TASK OBJECTIVE
What you write must match, character for character, the lines from the one with "- 在这个运行过程中,观察右" down to the one with "Puerta de seguridad, hall" in the listing below, minus its pictures.

MATERIAL TO PROCESS
BEGIN
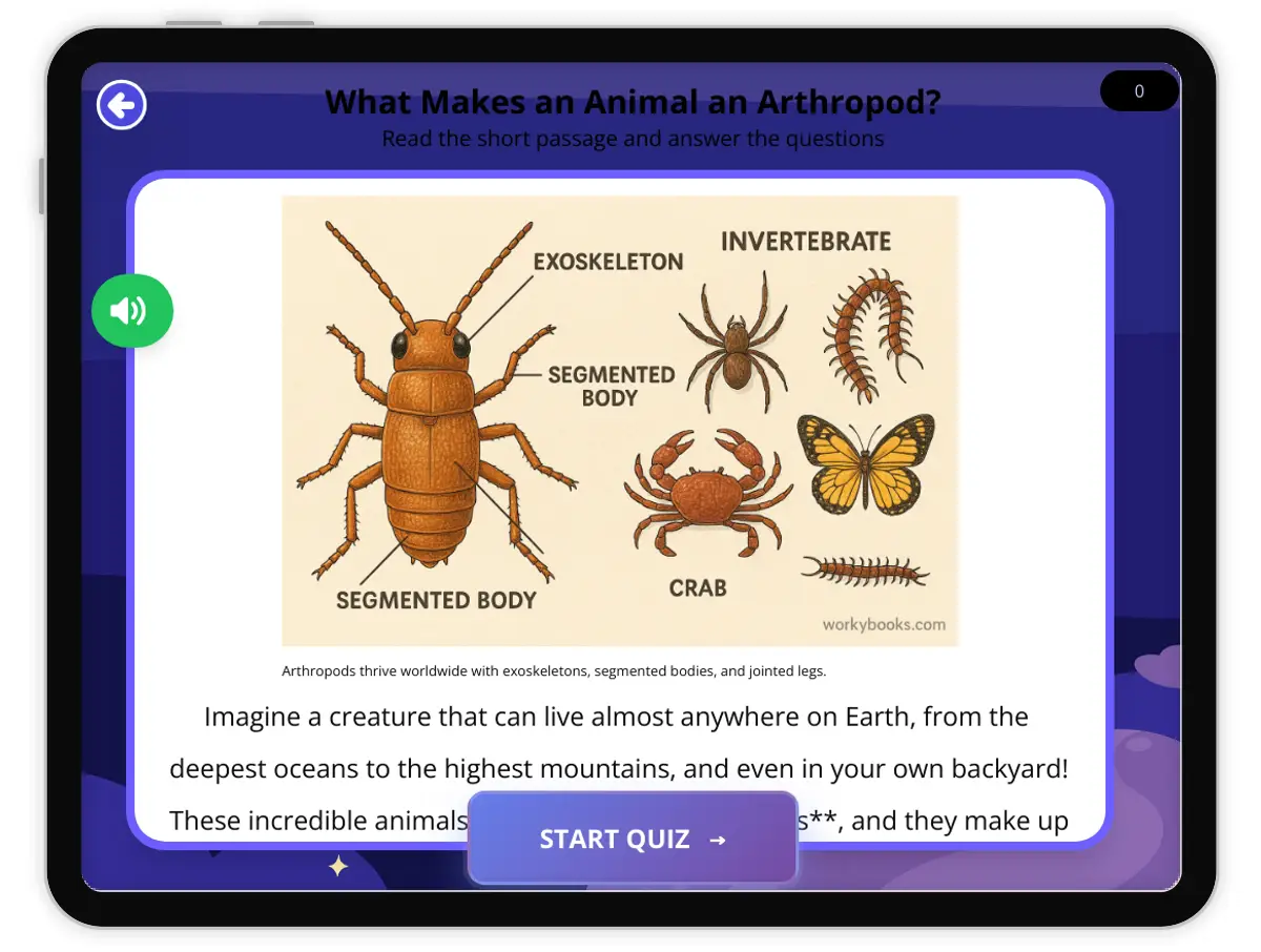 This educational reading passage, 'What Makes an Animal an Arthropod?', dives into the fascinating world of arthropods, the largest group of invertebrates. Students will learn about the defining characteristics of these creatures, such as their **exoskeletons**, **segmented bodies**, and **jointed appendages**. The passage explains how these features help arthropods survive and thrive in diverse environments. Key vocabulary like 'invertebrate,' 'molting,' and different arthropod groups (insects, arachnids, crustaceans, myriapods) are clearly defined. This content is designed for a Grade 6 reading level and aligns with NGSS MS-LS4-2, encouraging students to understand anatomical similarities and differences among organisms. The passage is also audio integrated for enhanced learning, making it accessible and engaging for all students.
END
BEGIN
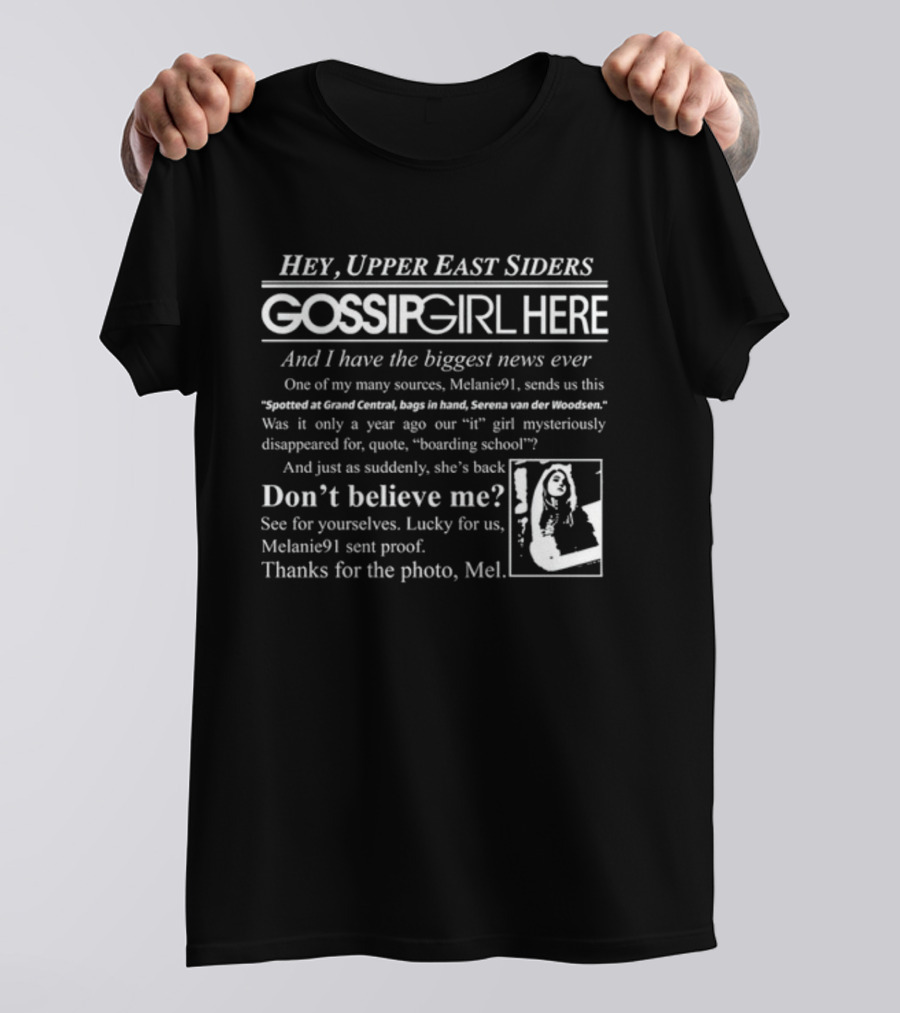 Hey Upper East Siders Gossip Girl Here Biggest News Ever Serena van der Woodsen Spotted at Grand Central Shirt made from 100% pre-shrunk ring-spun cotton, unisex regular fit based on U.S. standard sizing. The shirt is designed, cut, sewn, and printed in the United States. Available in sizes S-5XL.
END
BEGIN
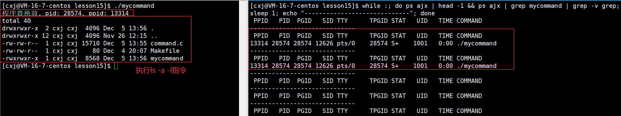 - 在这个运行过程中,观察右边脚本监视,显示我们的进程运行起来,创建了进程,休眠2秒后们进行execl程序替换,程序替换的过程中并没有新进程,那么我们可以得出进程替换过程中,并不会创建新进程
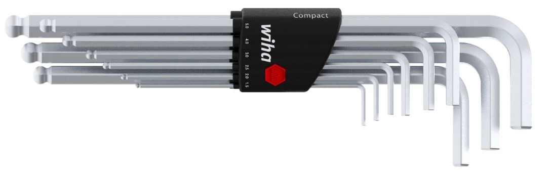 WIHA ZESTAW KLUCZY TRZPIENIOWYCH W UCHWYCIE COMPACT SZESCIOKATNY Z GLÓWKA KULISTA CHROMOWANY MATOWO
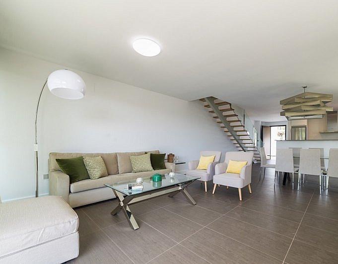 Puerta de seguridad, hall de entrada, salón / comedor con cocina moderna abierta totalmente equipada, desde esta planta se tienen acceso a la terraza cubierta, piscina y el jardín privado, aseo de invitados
END
ANSWER SECTION
 - 在这个运行过程中,观察右边脚本监视,显示我们的进程运行起来,创建了进程,休眠2秒后们进行execl程序替换,程序替换的过程中并没有新进程,那么我们可以得出进程替换过程中,并不会创建新进程
 WIHA ZESTAW KLUCZY TRZPIENIOWYCH W UCHWYCIE COMPACT SZESCIOKATNY Z GLÓWKA KULISTA CHROMOWANY MATOWO
 Puerta de seguridad, hall de entrada, salón / comedor con cocina moderna abierta totalmente equipada, desde esta planta se tienen acceso a la terraza cubierta, piscina y el jardín privado, aseo de invitados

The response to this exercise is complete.